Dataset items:
════════════════════
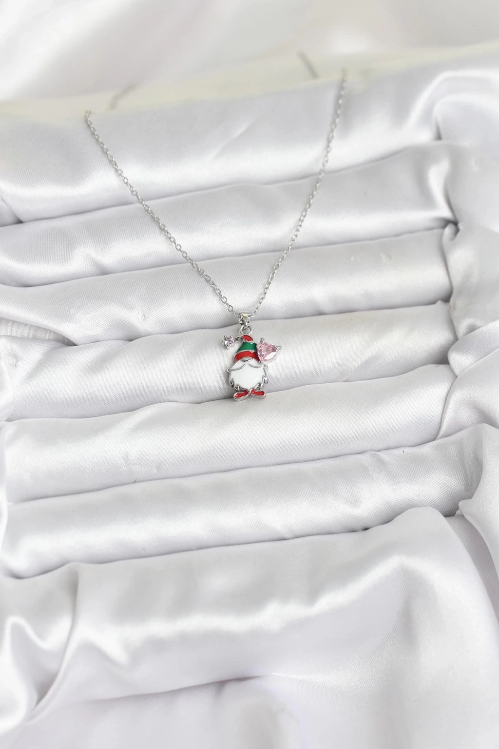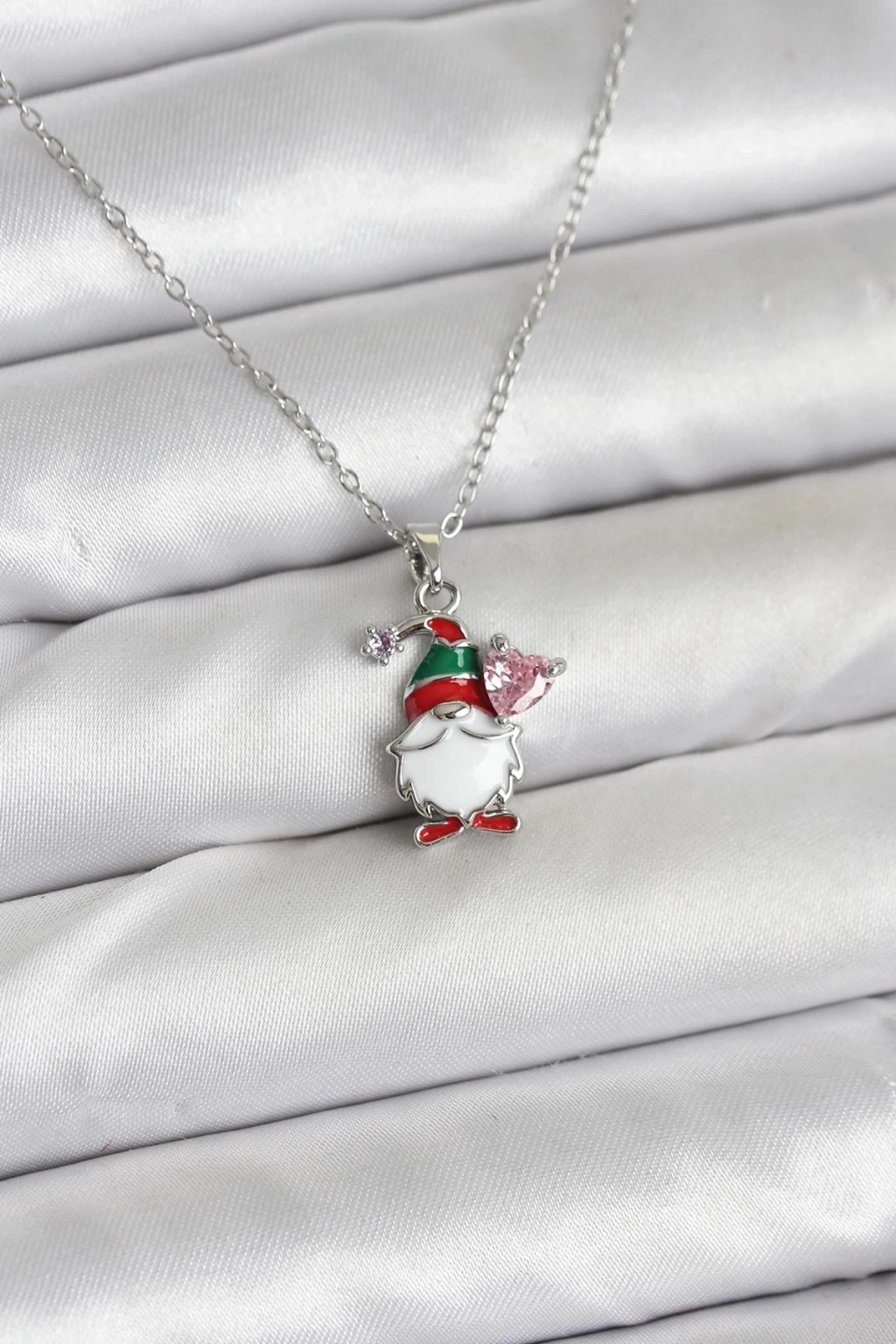 316L Çelik Zincir Gümüş Renk Yılbaşı Teması Kadın Kolye - TJ-BKO10709
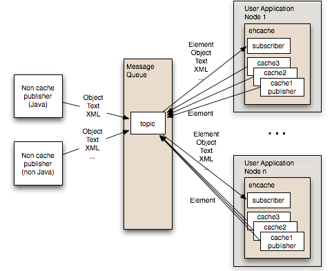 原理:这种模式的核心就是一个消息队列,每个应用节点都订阅预先定义好的主题,同时,节点有元素更新时,也会发布更新元素到主题中去。各个应用服务器节点通过侦听MQ获取到最新的数据,然后分别更新自己的Ehcache缓存,Ehcache默认支持ActiveMQ,我们也可以通过自定义组件的方式实现类似Kafka,RabbitMQ。
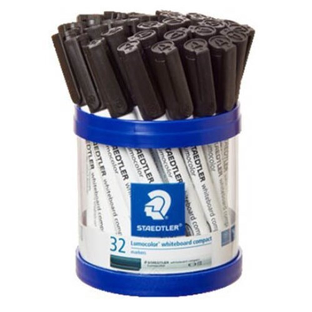 Staedtler Lumocolor Whiteboard Compact Marker Bullet Point Black Cardboard Cup of 32
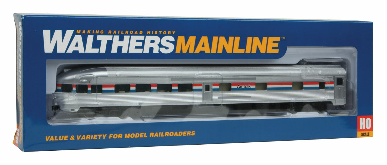 Add luxury lounge space on your classic streamliner quickly and easily with this WalthersMainline HO Scale 85' Budd Observation! A common car on many trains, the trademark "boat tail" end of the car offered riders a receding view of the rails through wrap-around windows as they relaxed with their favorite beverages or snacks. Nicely detailed, affordably priced and built tough for years of dependable service, this car is based on fluted-side cars used my many North American railroads. 85' Budd observation are perfect for use with other WalthersMainline HO Scale streamlined passenger cars.
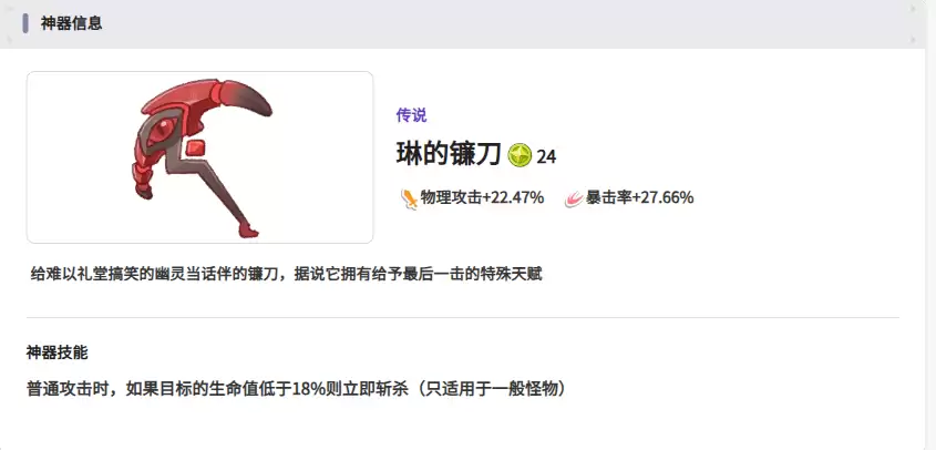 琳的镰刀适合给物理系的角色使用,可以提升物理攻击能力,并有一定的暴击加成。使用这把武器时,普通攻击伤害也有额外效果,有机会触发斩杀,对付残血敌人效果极佳。
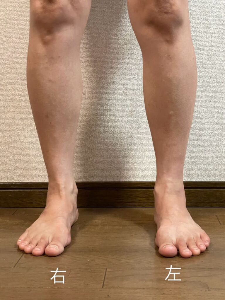 長年、左脚をかばうような生活をしていたので元々のアライメントの悪さに加え、右軸中心での動きが擦り込まれていた可能性があります。右軸と左軸では柱の太さが全く違う感覚(右はガッツリ太く強く、左は細くて弱い)
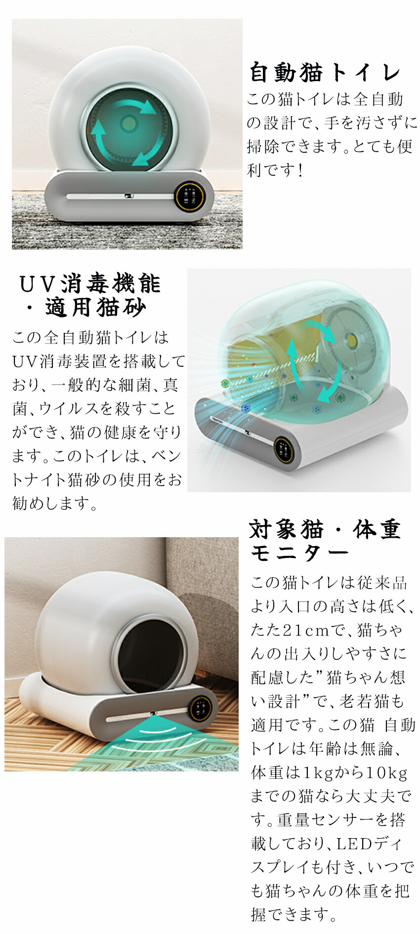 この猫トイレは従来品より入口の高さは低く、たた21cmで、猫ちゃんの出入りしやすさに配慮した”猫ちゃん想い設計”で、老若猫も適用です。この猫 自動トイレは年齢は無論、体重は1kgから10kgまでの猫なら大丈夫です。重量センサーを搭載しており、LEDディスプレイも付き、いつでも猫ちゃんの体重を把握できます。
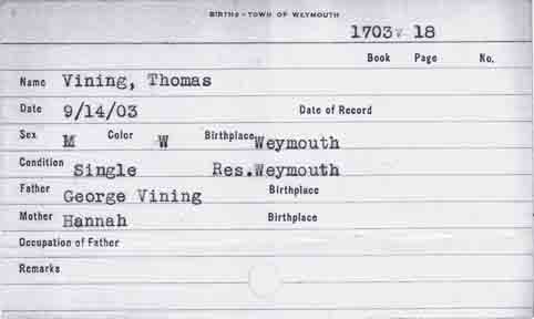 Birth record for Thomas Vining (from Weymouth, Massachusetts, town office):
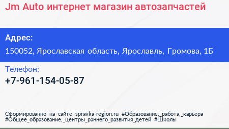 Jm Auto, интернет-магазин автозапчастей по адресу 150052, Ярославская область, Ярославль, Громова, 1Б в дальнейшем Организация, размещена в следующих категориях:
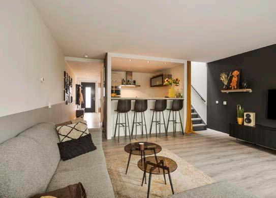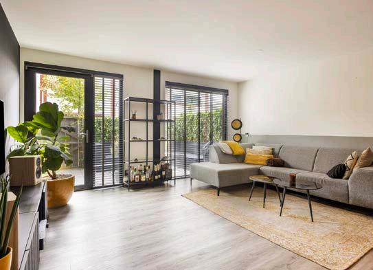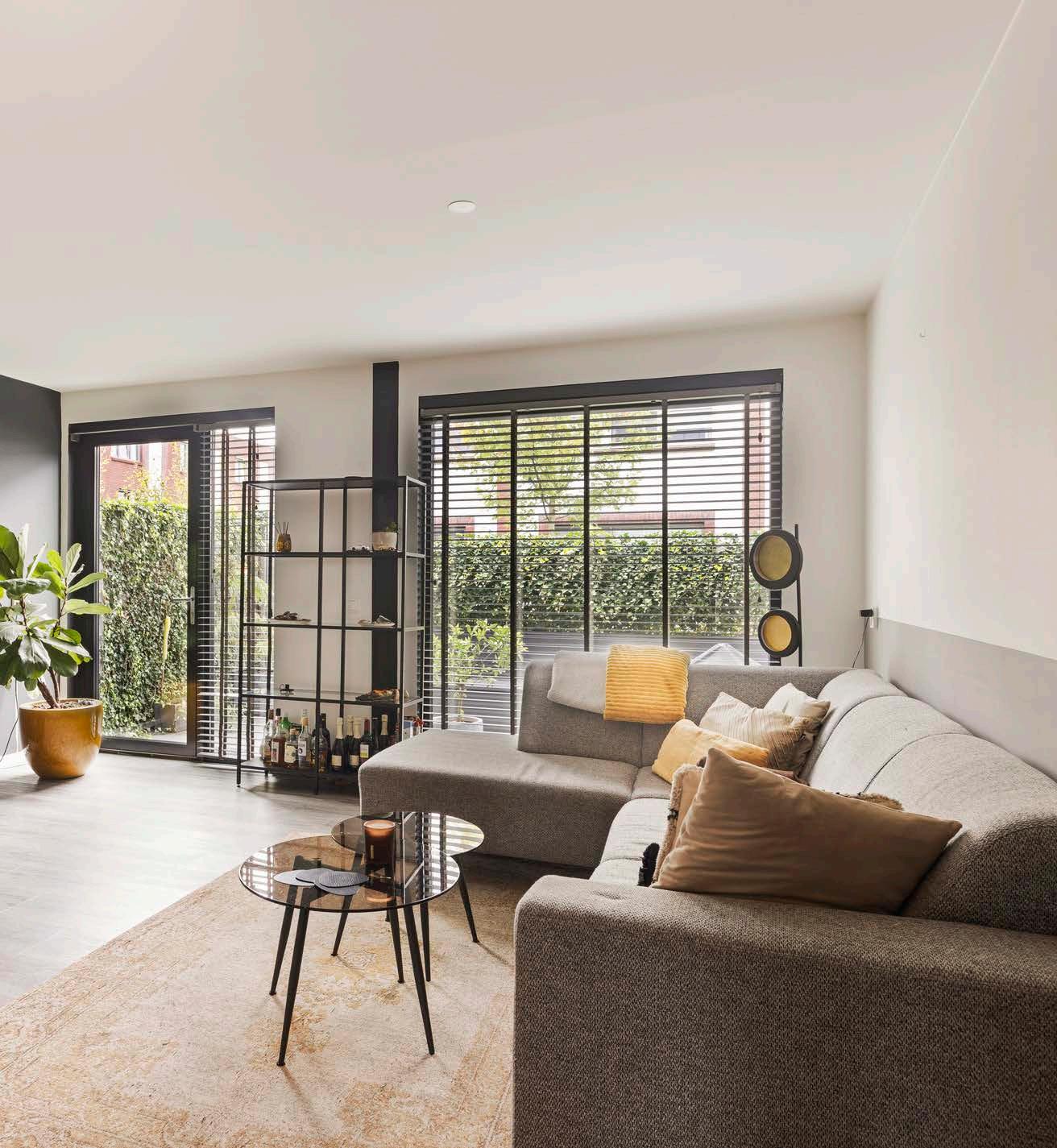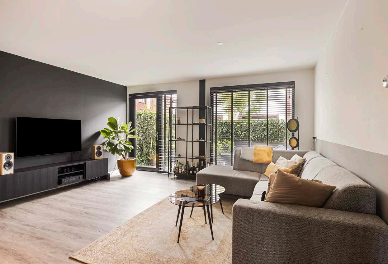 De woonkamer is een sfeervolle ruimte en door de openslaande deuren heeft u direct toegang tot het zonneterras. De hoge plafonds en de grote ramen zorgen voor veel licht en ruimte.
════════════════════
Try it: The copy you produce must repeat all the entries exactly and contain no pictures.

The answer:
 316L Çelik Zincir Gümüş Renk Yılbaşı Teması Kadın Kolye - TJ-BKO10709
 原理:这种模式的核心就是一个消息队列,每个应用节点都订阅预先定义好的主题,同时,节点有元素更新时,也会发布更新元素到主题中去。各个应用服务器节点通过侦听MQ获取到最新的数据,然后分别更新自己的Ehcache缓存,Ehcache默认支持ActiveMQ,我们也可以通过自定义组件的方式实现类似Kafka,RabbitMQ。
 Staedtler Lumocolor Whiteboard Compact Marker Bullet Point Black Cardboard Cup of 32
 Add luxury lounge space on your classic streamliner quickly and easily with this WalthersMainline HO Scale 85' Budd Observation! A common car on many trains, the trademark "boat tail" end of the car offered riders a receding view of the rails through wrap-around windows as they relaxed with their favorite beverages or snacks. Nicely detailed, affordably priced and built tough for years of dependable service, this car is based on fluted-side cars used my many North American railroads. 85' Budd observation are perfect for use with other WalthersMainline HO Scale streamlined passenger cars.
 琳的镰刀适合给物理系的角色使用,可以提升物理攻击能力,并有一定的暴击加成。使用这把武器时,普通攻击伤害也有额外效果,有机会触发斩杀,对付残血敌人效果极佳。
 長年、左脚をかばうような生活をしていたので元々のアライメントの悪さに加え、右軸中心での動きが擦り込まれていた可能性があります。右軸と左軸では柱の太さが全く違う感覚(右はガッツリ太く強く、左は細くて弱い)
 この猫トイレは従来品より入口の高さは低く、たた21cmで、猫ちゃんの出入りしやすさに配慮した”猫ちゃん想い設計”で、老若猫も適用です。この猫 自動トイレは年齢は無論、体重は1kgから10kgまでの猫なら大丈夫です。重量センサーを搭載しており、LEDディスプレイも付き、いつでも猫ちゃんの体重を把握できます。
 Birth record for Thomas Vining (from Weymouth, Massachusetts, town office):
 Jm Auto, интернет-магазин автозапчастей по адресу 150052, Ярославская область, Ярославль, Громова, 1Б в дальнейшем Организация, размещена в следующих категориях:
 De woonkamer is een sfeervolle ruimte en door de openslaande deuren heeft u direct toegang tot het zonneterras. De hoge plafonds en de grote ramen zorgen voor veel licht en ruimte.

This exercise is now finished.